> **What to work on**:
Could you retype exactly the lines below between the one holding "Fifty years to" and the one holding "FIGURE 1 Potato", inclusive, leaving out any pictures?
━━━━━━
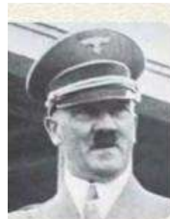
Adolf Hitler 1889–1945

After leaving prison in 1924, Hitler revived the Nazi Party. Most Germans ignored him and his angry message until the Great Depression ended the nation's brief postwar recovery. When American loans stopped, the German economy collapsed. Civil unrest broke out. Frightened and confused, Germans now turned to Hitler, hoping for security and firm leadership.
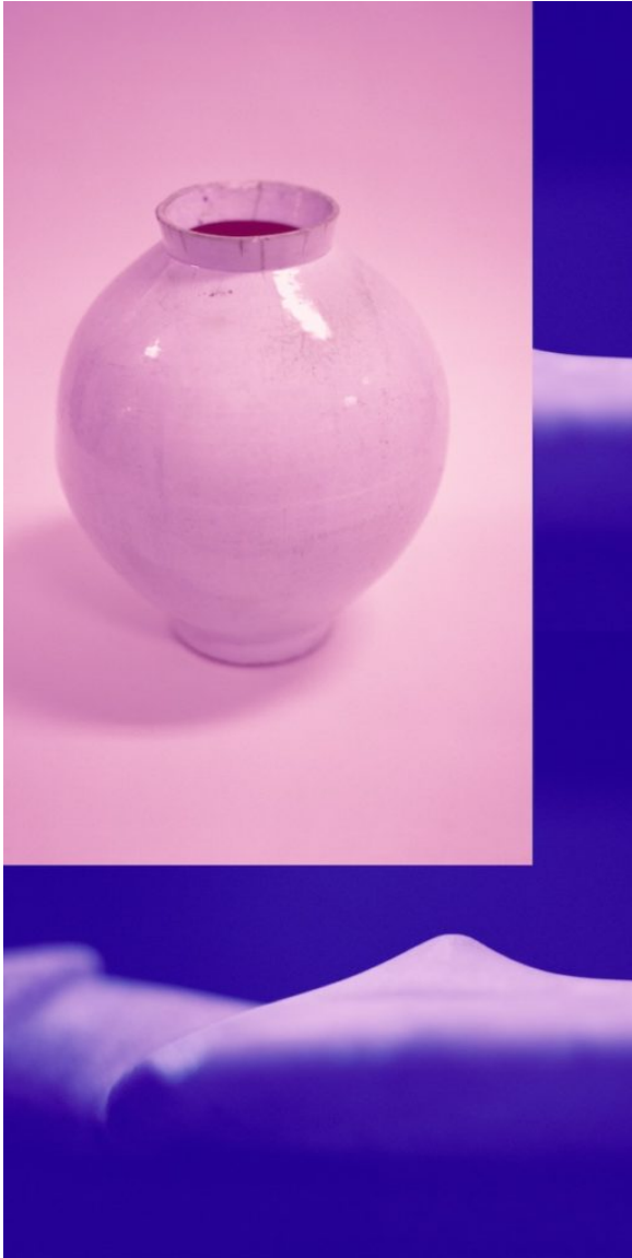
Women & Museums II. 2019. © Sara VanDerBeek
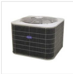
Stainless Steel Central Air Conditioner
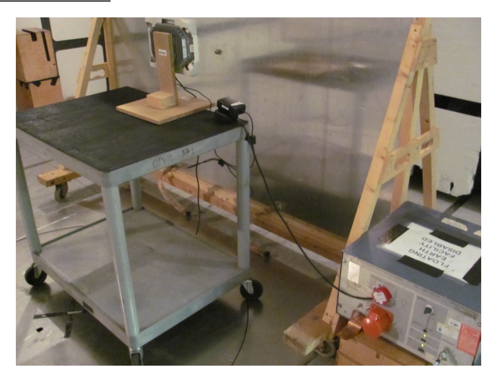
Conducted Emissions ACDC 12V Adaptor
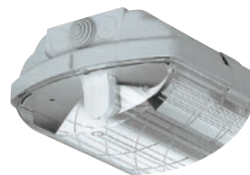
Version with concentrating reflector

The luminaires can be used in covered outdoor areas.
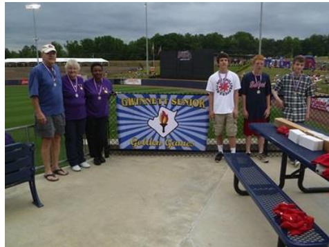
Demo at Gwinnett Braves May 8
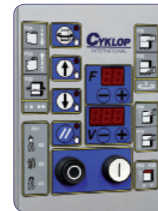
Control panel easy-to-use. Version features simplified operation. Multifunction programmable control panel.
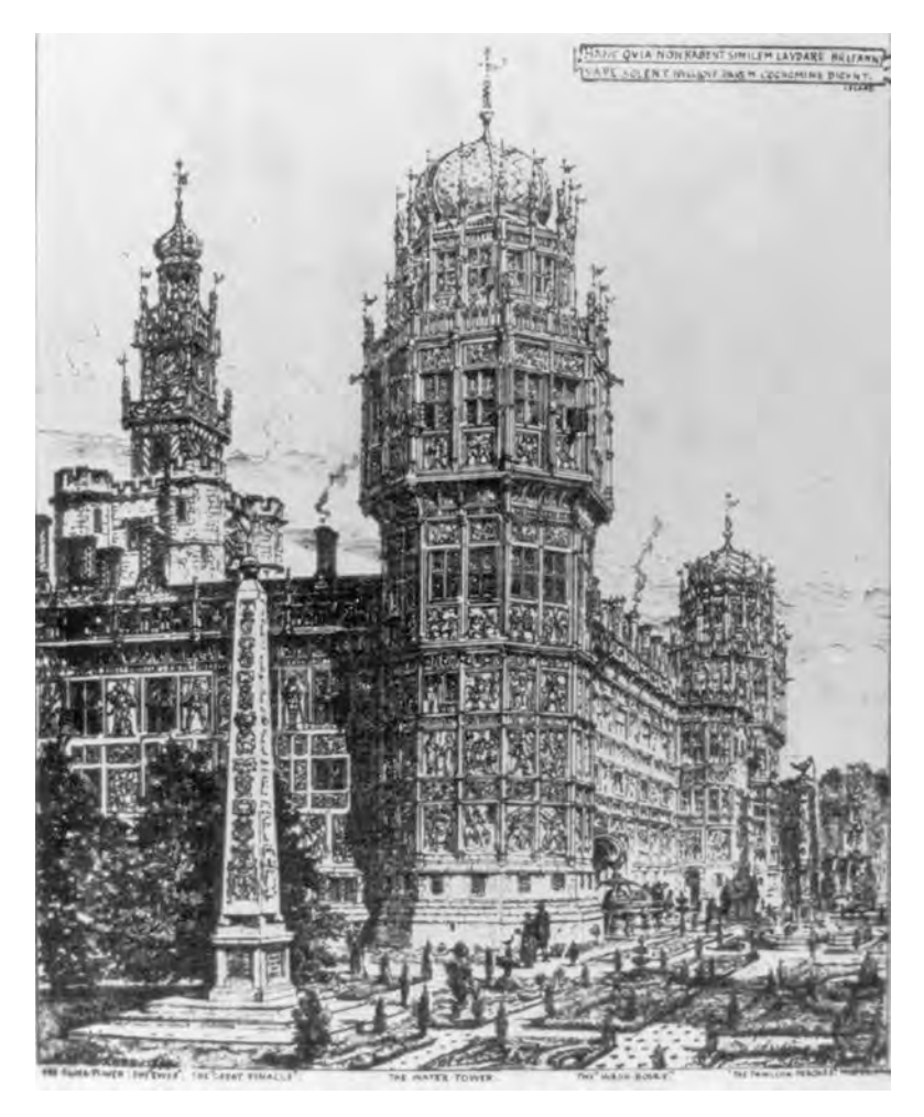
Figure 4 An imaginative reconstruction of the south-west corner of Nonsuch Palace ( The Builder , 1894).

The walls of the inner court of the palace were even more lavishly decorated all around with panels of stuccoes with figures moulded in high relief. From the first floor up there were three bands of figures: at the top were the heads of 32 Roman emperors. Below them, on the west side where the King's chambers were,
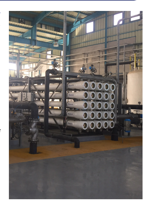
Desalination facilities of Gaza.

The project will help to address the major water deficit for a population of over 2 million people. It is also part of a broader Palestinian Water Programme in Gaza, which aims to address the water crisis on the Gaza Strip, where 95% of the water is undrinkable due to the over-pumping of the Coastal Aquifer, the only available water source in the region. Furthermore, it will help reduce the pollution of the Mediterranean, by preventing the collapse of the
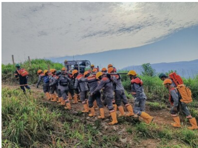
Figure 2 - Man-portable drill rig motor taken up the hill at the Mocoa project
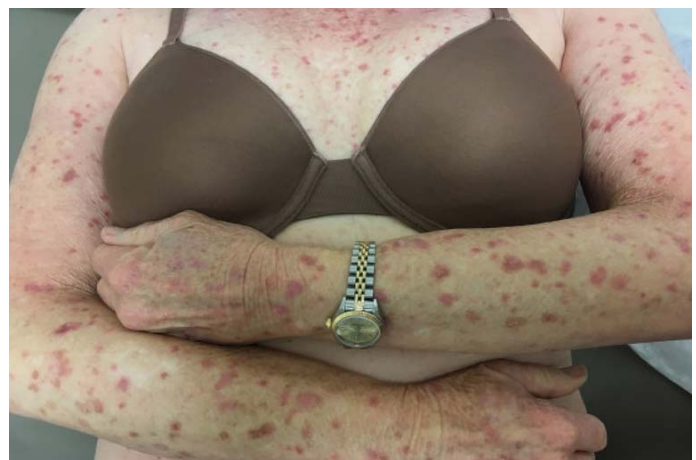
Figure 1. Chemotherapy-induced inflammation of disseminated superficial actinic porokeratosis (DSAP): Exam revealed a numerous amount of scattered inflamed appearing reddish-brown thin papules with collarettes of scale distributed on the chest, arms and legs occurring 1 week after initiation of chemotherapy.

Although inflammation of pre-existing DSAP has been described previously in the literature, namely with temozolomide (an alkylating agent) and
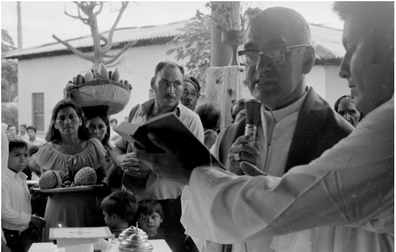
Archbishop Óscar Romero presides at a confirmation Mass in Ateos in San Salvador, El Salvador, September 1979.

Nor did Francis stop there; he did something else that had long cried out to be done. Many people aren't aware — but Francis was — of how shabbily Romero was treated by all but one of his brother bishops. Seldom has there been a condemnation of bishops as strong as the one Francis expressed to a group of Salvadoran pilgrims who were visiting the Vatican in 2015:
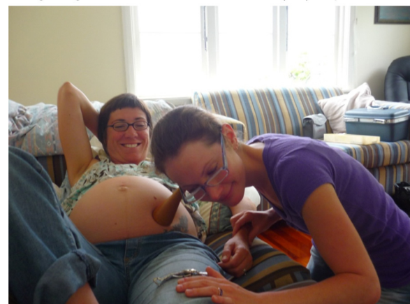
Fig. 2. Auscultation of the fetal heart sounds with a Pinard stethoscope.
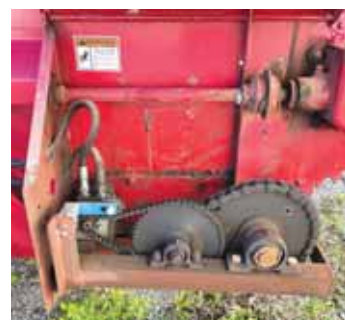
Chain drive installed on a spreader.

Contact: FARM SHOW Followup, David Nolt, 307 Eagle Rd., Kutztown, Penn. 19530 (ph 610-914-1248).
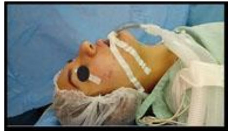
Fig. (2): Patient position (slight extended neck)

Positioning: The patient was placed in the supine position with the neck slightly extended using a small shoulder roll. The operating table is tilted into a slight reverse Trendelenburg position ( Under anesthesiologist’s supervision ) ( Fig.2 )
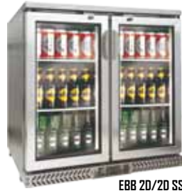
EBB 2D/2D SS

Elanpro Wine Chillers are known for their aesthetics and ease of operation, pull out wooden shelf helps in storage and selection of wine. Twin cabinet with individual temperature control ensures your White and Red wine are perfectly maintained to offer you the experience of Wine at any time. Elanpro back bar come in Black & SS finish.
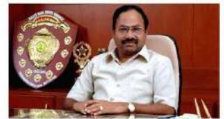
Chairman & Secretary

Elayampalayam - 637 205. Tiruchengode, Namakkal Dt., Tamil Nadu.
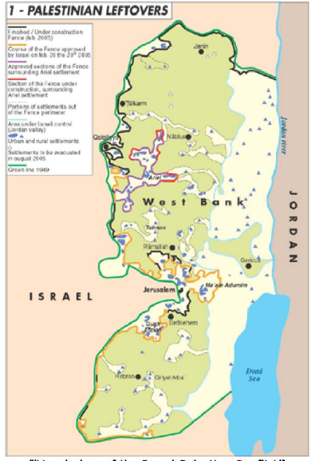
("Vocabulary of the Israel-Palestine Conflict")

While the land on the right side of the green line is the Palestinian territory of the West Bank, in reality, the next map provides a more accurate picture of how much land Palestinians actually have. The 1995 Oslo II Accords separated the West Bank into three different areas that are represented in different colors. Area A is fully under the Palestinian Authority, while Area B is partially under Palestinian control and still under Israeli military jurisdiction. 61% of the West Bank is Area C, which is under full Israeli control of security and civil affairs. This involves planning, laying infrastructure, and development ("Planning Policy in the West Bank"). Area C is not only where illegal Israeli settlements and designated military zones are located, but also where much of the most fertile land throughout the West Bank can be found as well. Palestinian villages that fall in Area C cannot build any type of infrastructure without Israel's approval, and if they do, it will be subject to demolition orders by the state (Ehrenreich 69).
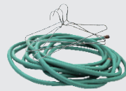
Hoses, Cords & Wire
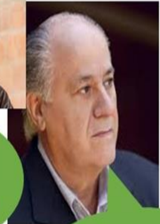
Amancio Ortega ZARA (1974)
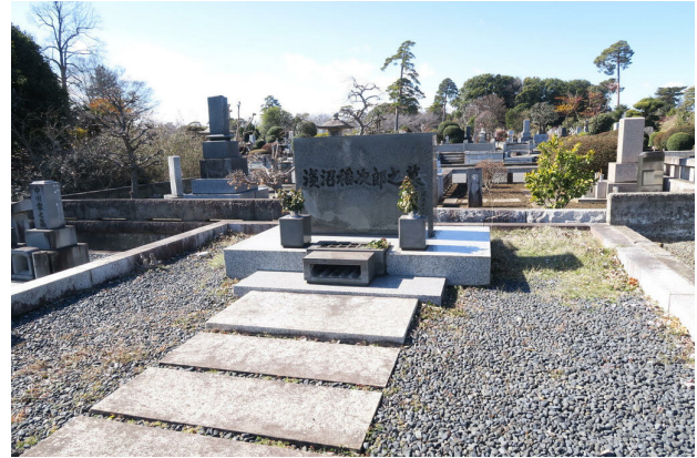
Figure 22: Asanuma's grave in Tama Cemetery, west Tokyo.

Fifty years to the day of Asanuma's assassination—on October 12, 2010—the Otoya Yamaguchi Appreciation Society held a ceremony to commemorate Yamaguchi's "heroic" act.
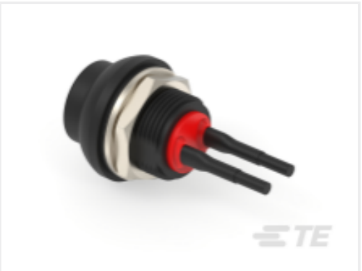
TE Part # 2329359-1 PN OFF/ON HC BLK M1 TERM IP68 500MM LHS
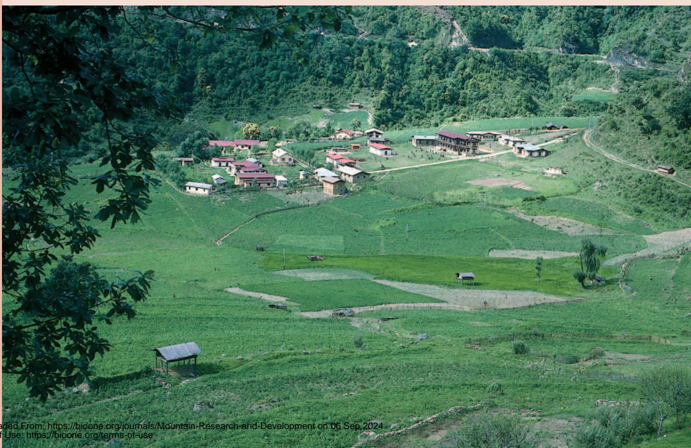
FIGURE 1 Potato field in Khaling (Trashigang district). Ten years after the village became accessible by road, almost every household had adopted potato production for export.

during the 18 th and 19 th centuries, they never became a staple food. By the middle of the 19 th century, many farmers had abandoned potato cultivation because of the poor yields caused by wart disease. The main impetus for current potato cultivation came from road construction in the early 1960s, which made temperate
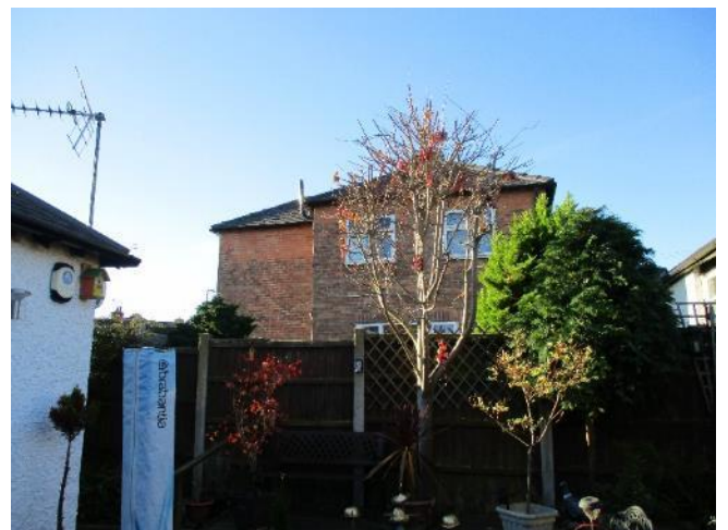
Rear (north east) elevation, view from 16 Cyril Avenue.
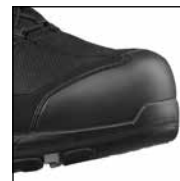
HAIX® Composite Toe Cap
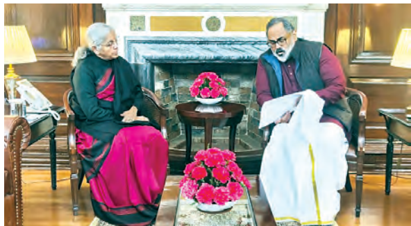
Union Finance Minister Nirmala Sitharaman interacts with Union Minister of State for Entrepreneurship, Skill Development and Electronics and Technology Rajeev Chandrasekhar during a meeting, in New Delhi.

Union Minister Nirmala Sitharaman said the Centre has released Rs 900 crore in two installments to Tamil Nadu in the current financial year, to deal with the havoc caused by the unprecedented rainfall and flooding. A total of 31 people died in four southern districts owing to the heavy rainfall that occurred early this week, the Finance and Corporate Affairs Minister said. Briefing reporters here, the natural calamity has claimed human lives and caused damage to infrastructure and communication systems. Extending her con-
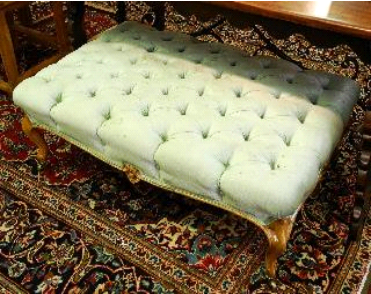
Lot # 93

92 Foilio of 18th & 19th century engravings. $50 - $100
━━━━━━
> **Finished exercise**:
Fifty years to the day of Asanuma's assassination—on October 12, 2010—the Otoya Yamaguchi Appreciation Society held a ceremony to commemorate Yamaguchi's "heroic" act.
TE Part # 2329359-1 PN OFF/ON HC BLK M1 TERM IP68 500MM LHS
FIGURE 1 Potato field in Khaling (Trashigang district). Ten years after the village became accessible by road, almost every household had adopted potato production for export.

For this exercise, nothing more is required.